UN chief Ban Ki-moon, who is among key global figures gathering in the Japanese capital for talks on a “Transformation Decade”, said progress in security and broad-based development had been made, but remained “fragile”.

“Failure to invest in governance, justice, human rights, employment and social development could negate investment and sacrifices that have been made over the last 10 years,” he told the meeting.

Sunday’s conference is aimed at plugging the gap between what Kabul gets from its barely-functioning economy and what it needs to develop into a stable country.

Afghan President Hamid Karzai, who is in Tokyo along with US Secretary of State Hillary Clinton and United Nations chief Ban Ki-moon, has called for $4 billion a year in civilian aid.

On Saturday Japan announced donors will stump up more than $16 billion in civilian aid for four years to 2015.

“We are at a critical moment in Afghanistan’s history in transition from reliance on the aid that has enabled the country’s institutions to take roots to a normalised relationship of a sovereign, functioning Afghanistan with its people and with its international partners,” Ban said.

Clinton, who on Saturday said the United States had designated Afghanistan a major non-NATO ally, told the meeting peace on its own was not a sufficient dividend for the sacrifices that have been made.

“We all know that Afghanistan’s security will not be measured only by the absence of war. It will also be measured by the presence of jobs and economic opportunity,” she told the meeting.

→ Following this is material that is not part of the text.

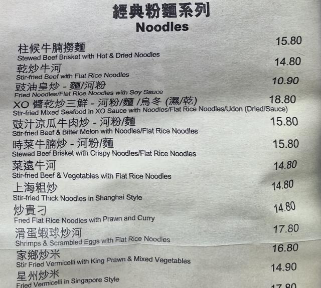 任何一种炒河粉,15 人民币接近人民币 140 元。

She said the administration of US President Barack Obama would be asking Congress to agree to keep American civilian assistance to Afghanistan at or near current levels until 2017.

In his opening remarks to the conference, Karzai said his country had come a long way, but acknowledged security remained a major problem.

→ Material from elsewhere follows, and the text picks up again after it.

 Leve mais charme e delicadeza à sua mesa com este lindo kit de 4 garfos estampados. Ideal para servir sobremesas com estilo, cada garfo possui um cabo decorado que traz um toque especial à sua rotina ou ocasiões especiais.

“Afghanistan continues to face grave risks from common threats, not only terrorism and extremism. The peace and reconciliation process is of particular urgency at the present time.”

“(The) responsibility to make Afghanistan peaceful and self-reliant is primarily our own as Afghans. We will remain steadfast in our commitment in this historic partnership.”

Kabul covers only a third of the $6 billion it spends each year, not counting security costs, and has for a long time been heavily dependent on aid.

There are fears that once the US and its allies no longer have to worry about their soldiers dying in Afghanistan after the 2014 pullout, the country could be left to drift into the hands of drug lords and extremists.

Representatives from more than 80 nations and international organisations gathering in the Japanese capital are expected to adopt the “Tokyo Declaration”, pledging support and cash for Kabul.

As part of the so-called “Transformation Decade” from 2015, participants will issue a framework document stressing the principle of “mutual accountability”, offering aid on the condition that Kabul clamps down on endemic corruption.

According to the World Bank, spending on defence and development by foreign donors accounted for more than 95 percent of GDP in 2010-11.

In May an Afghanistan security conference in Chicago involving the countries of the NATO-led coalition adopted a plan to provide $4.1 billion in annual security aid in coming years.

The focus in Tokyo is on development.

In an interview with the Asahi Shimbun newspaper published Friday, conference co-chairman Gemba said he was hoping it would result in pledges worth at least $3.0 billion a year.

But he warned the money would come with strings.

“(Kabul) must improve its governance capacity, including eradicating corruption,” he said, adding a mechanism to review progress in these areas every two years had to be developed.